Initially, the Polymega was to include a video game live streaming option through YouTube and Twitch, but this feature was removed in 2018.

Playmaji releases periodic system updates for the console, for instance to offer support for previously incompatible games. An update in late 2021 introduced screen filters that can be applied to any game, simulating the monochromatic displays of the Game Boy and Virtual Boy.

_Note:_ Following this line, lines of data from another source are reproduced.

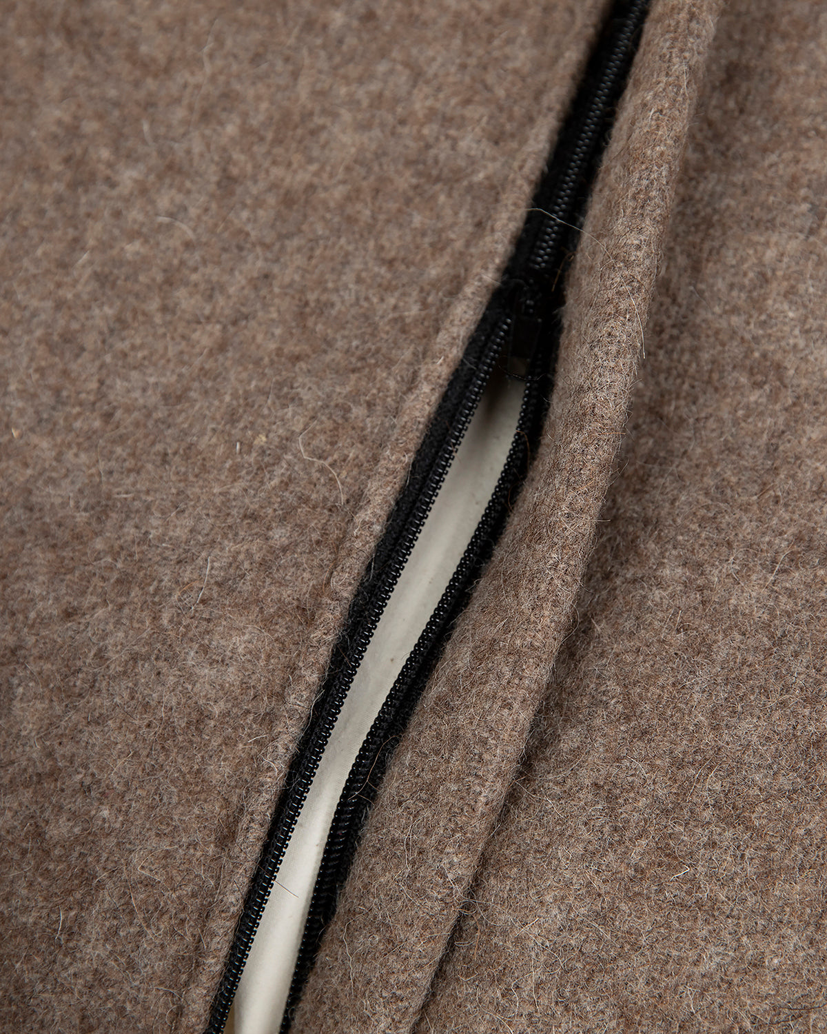 הריפוד הוא בגוון חם של צמר טבעי, עם קווים לבנים, מוסיפים עומק ותחכום, בתוספת ידית אחיזה מעור טבעוני איכותי - לשדרוג המראה ולנוחות מקסימלית. הידית ניתנת גם היא לשטיפה (ראו 'הוראות שימוש ושימור׳).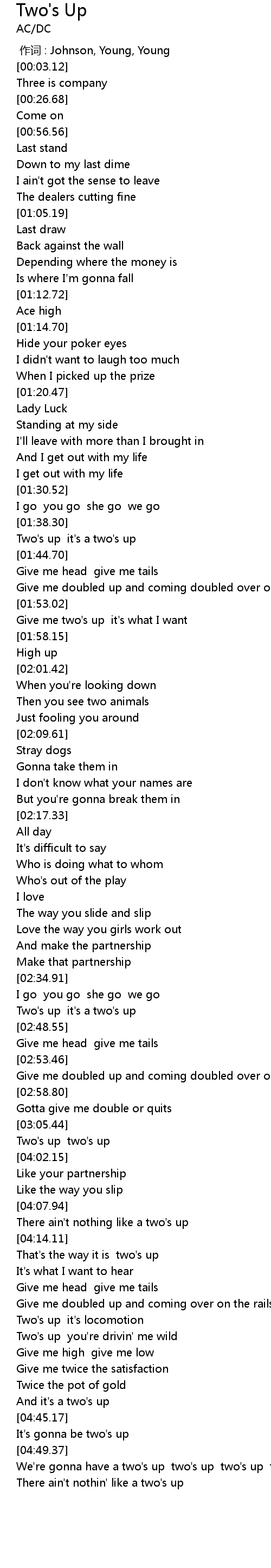| [04:10.71] | There ain' t nothing like a two' s up |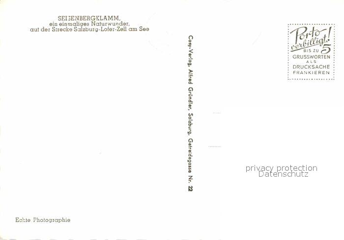 72643935 Weissbach Lofer Seisenbergklamm Schlucht postalisch nicht gelaufen Erhaltung siehe scans [FriedD77] KatCode: 11390322050627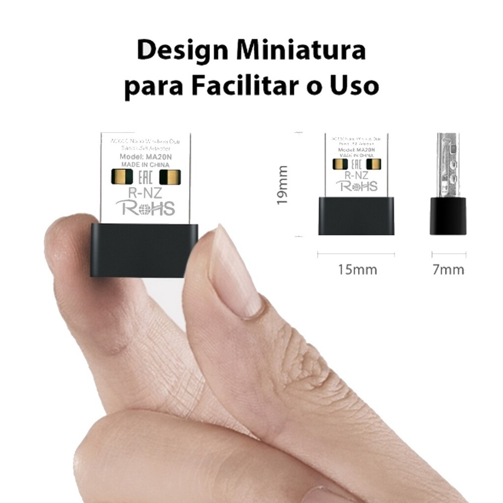 Conteúdo da Embalagem: Adaptador USB Wireless Dual Band AC650 Nano (MA20N) / Guia de Instalação Rápida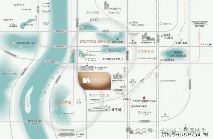 未来,将以距离本项目约2公里(直线距离)的湘雅医院作为核心,发展攻关研发圈、创新孵化圈、产业发展圈,并引入长沙医学院附二医院、南华大学附属七医院等。

Playmaji intends to launch a digital store, allowing games to be downloaded to the console, including arcade games. An internal development and publishing studio was also established for the creation of original games exclusive to the Polymega. Playmaji plans to eventually offer support for cloud gaming services as well.

==Reception==
Christopher Grant of Polygon considered the console worthwhile for gamers who already own a large collection, writing, "The Polymega is an enticing all-in-one solution and while it may not have the FPGA-based bona fides of the MiSTer, it stands on its own as a viable contender for the ultimate retro gaming console crown". Will Greenwald of PCMag praised the Polymega's emulation software and rated the console 4 out of 5. Damien McFerran of Nintendo Life offered particular praise for the Saturn emulation, and wrote that "there's nothing else quite like this machine on the market – and It looks set to become a highly desirable piece of hardware for retro fans". Critics negatively noted the high retail price. PCMag and Wired included the Polymega on their list of the best retro gaming consoles.